**Required work**: Keep the pictures out. Copy every line of the listing exactly.

___ Exercise data

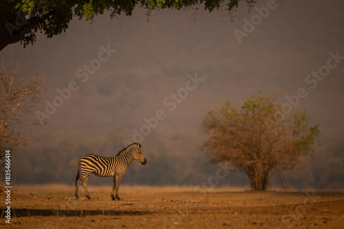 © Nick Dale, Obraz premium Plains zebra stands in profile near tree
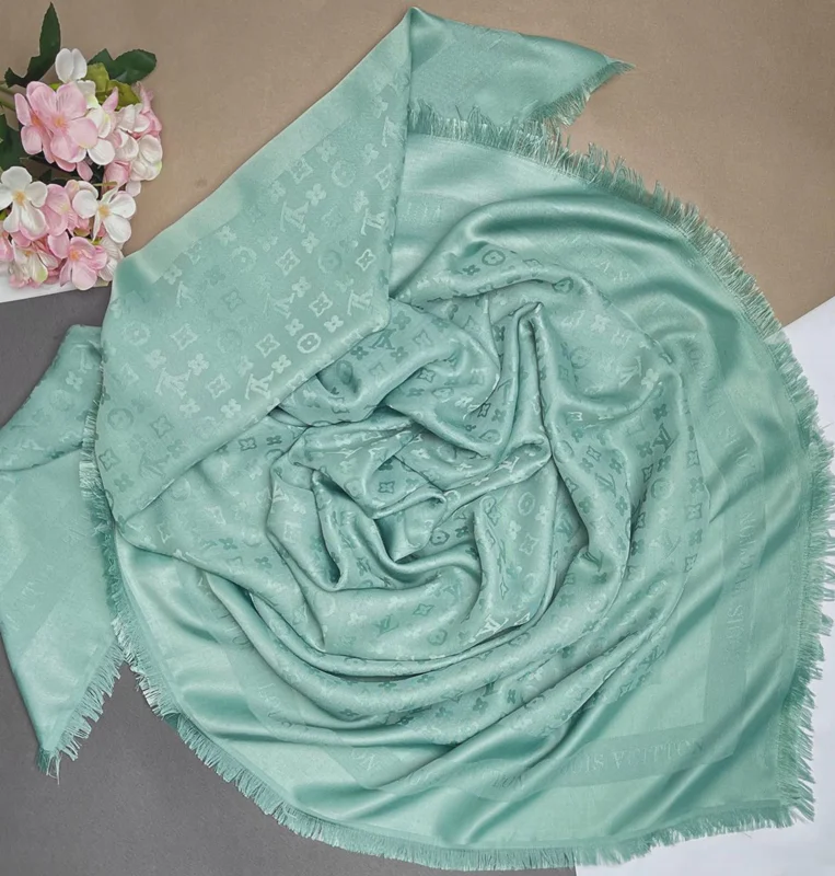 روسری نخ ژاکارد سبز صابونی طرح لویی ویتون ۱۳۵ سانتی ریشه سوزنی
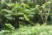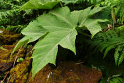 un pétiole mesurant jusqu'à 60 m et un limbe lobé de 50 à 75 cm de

______

**Reply**:
 © Nick Dale, Obraz premium Plains zebra stands in profile near tree
 روسری نخ ژاکارد سبز صابونی طرح لویی ویتون ۱۳۵ سانتی ریشه سوزنی
 un pétiole mesurant jusqu'à 60 m et un limbe lobé de 50 à 75 cm de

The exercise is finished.